I dare a grammarian to take the above-sentence and diagram it out. No, I'm not "feigning surprise", I am legitimately struggling to figure out exactly who's being blamed for what.
Some minutes later, and this is my best guess in the form of original with code comments. I got to the end and then backfilled the group names.

    There's a double layer of irony here,        # There is something wrong and hypocritical.
                                                 #
    where the people                             # People who thought vaccines were good
    criticizing people                           # criticized anti-vaxxers,
    of the ignorance                             # saying the anti-vaxxers didn't realize
    of "unintended" consequences                 # the damage they would cause
    of vaccine fear                              # by scaring everyone away from proper treatment.
                                                 #
    will play defense                            # Those people give excuses
    for the unintended consequence               # for the problem they actually created
    of causing that fear                         # by MAKING the anti-vaxxers afraid in the first place
    by the extremely aggressive pushing          # since they tried too hard
    of vaccine policies during covid.            # to get everyone vaccinated to stop the virus.
So, unless I've taken a wrong turn somewhere... *sigh* Helllll no. That's trying to disclaim all responsibility from the group of people who made the mistake.

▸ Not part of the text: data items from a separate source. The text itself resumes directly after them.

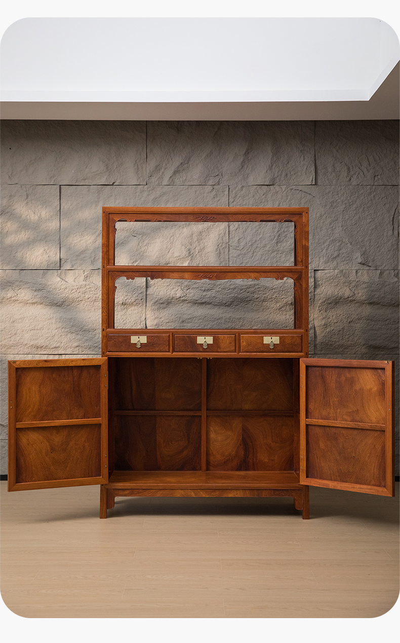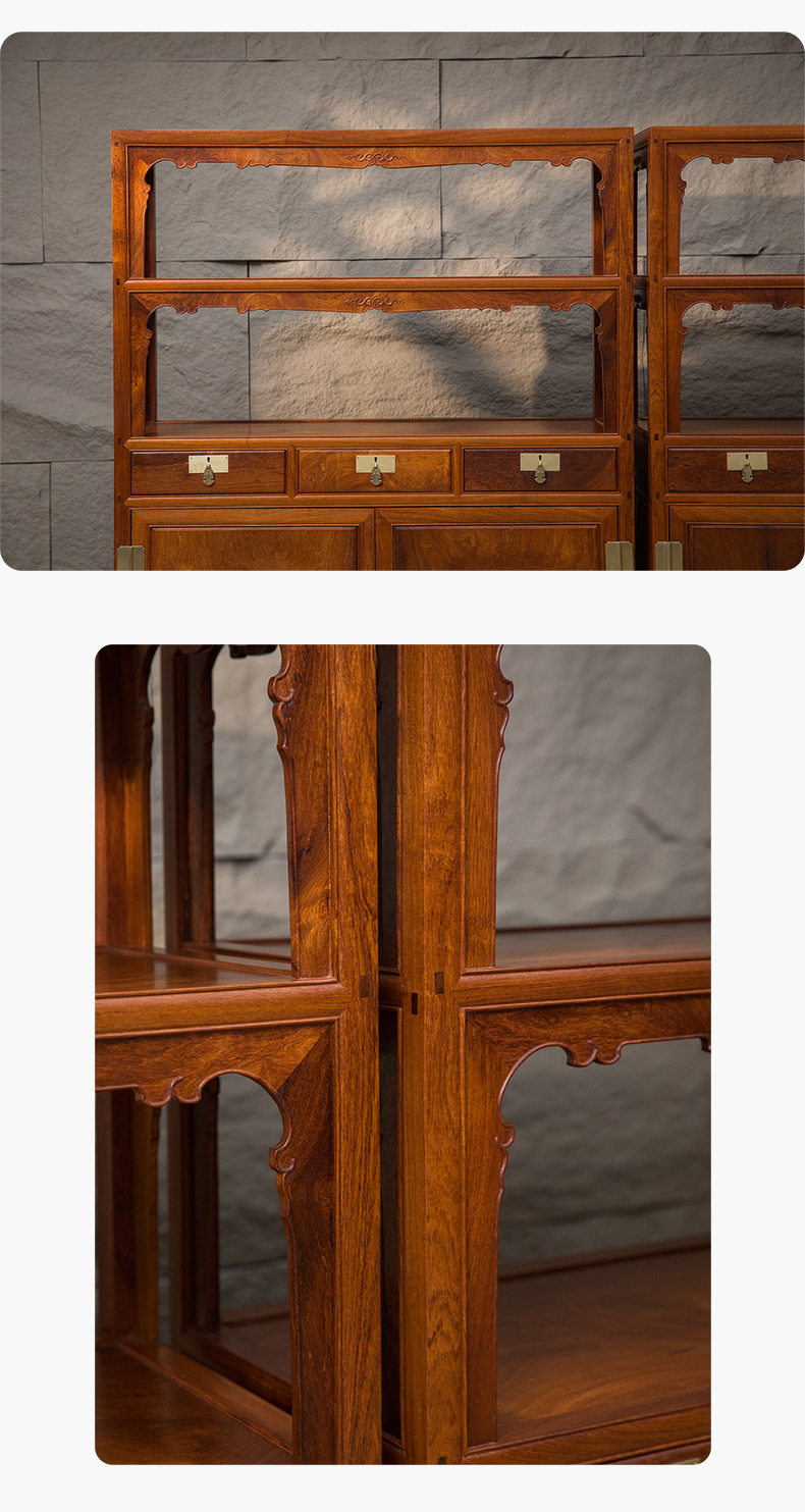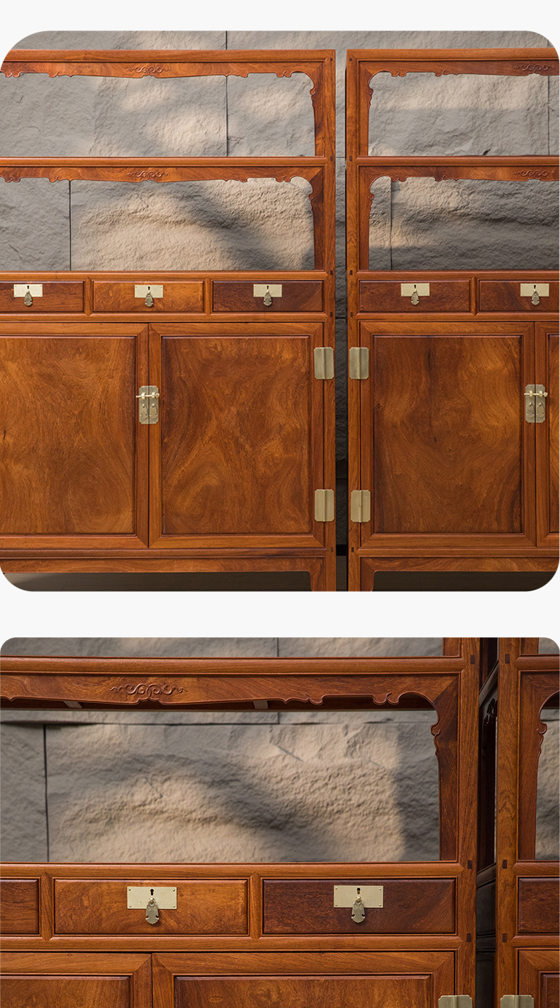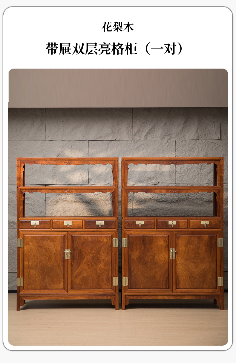 花梨木全独板带屉双层亮格柜(一对)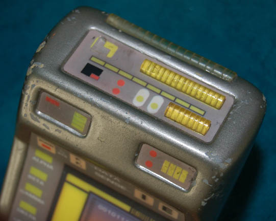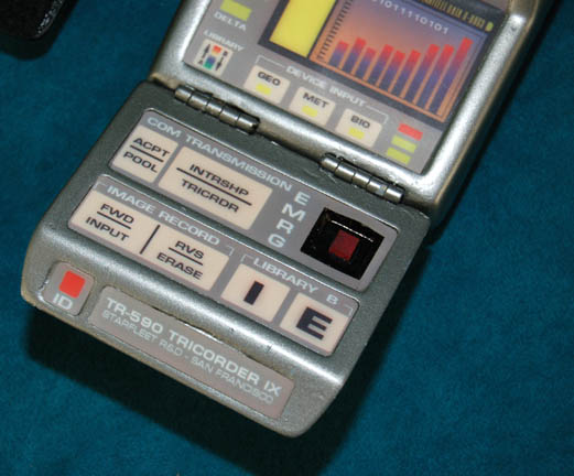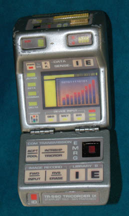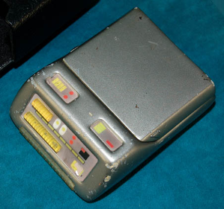 Description: A prop item featured in various episodes of Star Trek: Voyager. This item is the TR-590 Mark IX Tricorder upgrade and is a resin cast, elongated trapezoid that unfolds to reveal appliqué, color-printed control surfaces, more appliqué control surfaces and yellow plastic accents on the top end, and a vacuum formed black plastic holster with latches for the belt. The item measures approx. 4 X 3.5 X 2 inches.
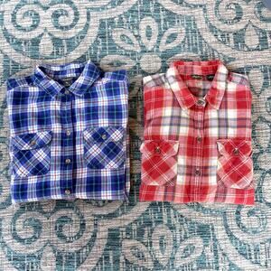 BUNDLE OF 2! Eddie Bauer Flannel Shirt Checkered Red & Blue - Size M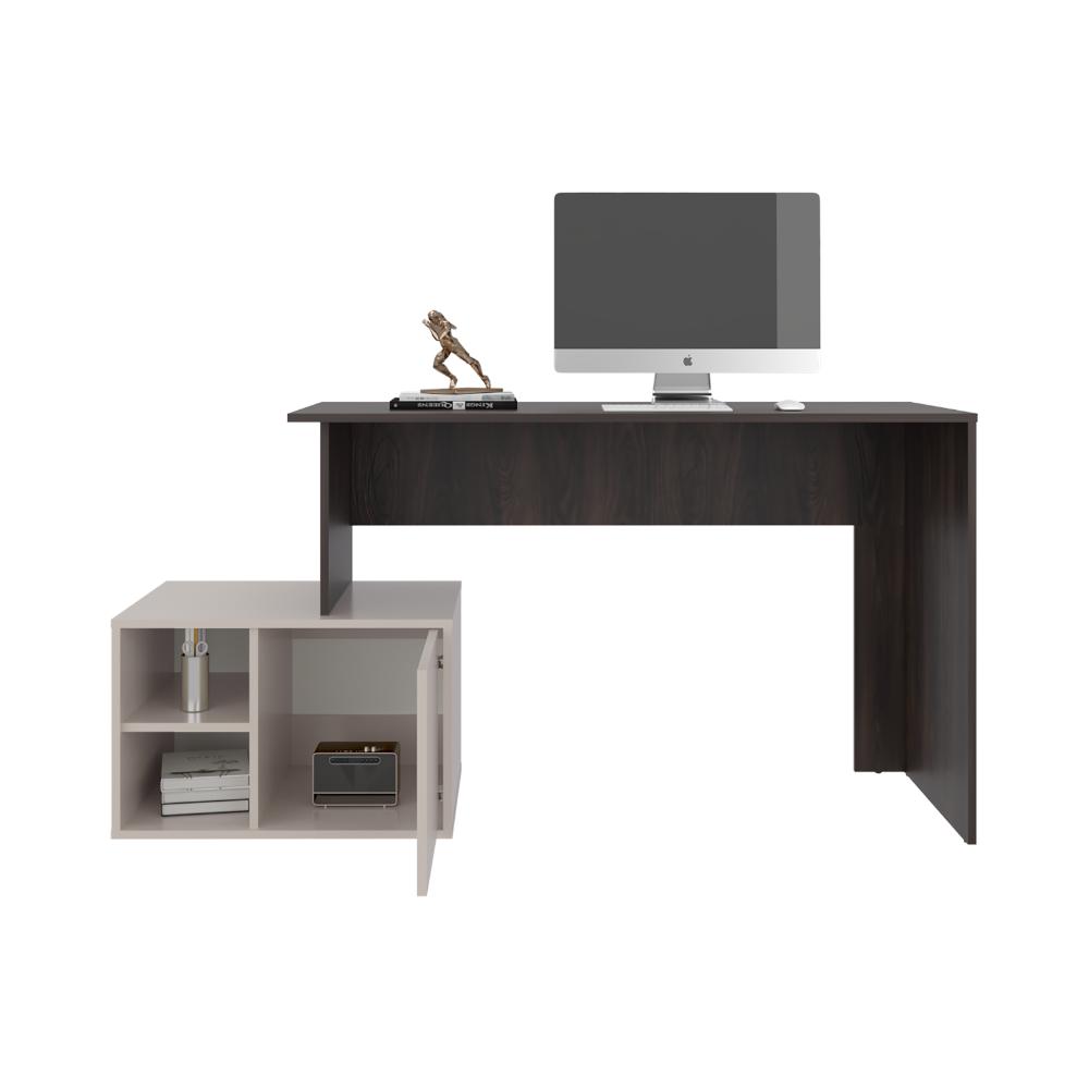 Escritorio con espacio con puerta batiente para almacenar libros u otros, compartimientos para objetos de estudio o decorativos, y de facil armado.

Compare to: "Well, the car I was driving is wrecked, and it's all your fault! You should have known that I don't like being told what do to, so by telling me to slow down you forced me to accelerate into that barrier to prove that you aren't the boss of me. We could have avoided this whole mess if you'd simply babied my special needs and irrationalities like an adult."

Anyone who “fears” vaccines because the government said they were a good idea (with provable statistics instead of whatever nonsense you read on Facebook) is a fucking doorknob. Full stop.

Some of you need to realize that writing some React pages doesn’t actually make you a polymath.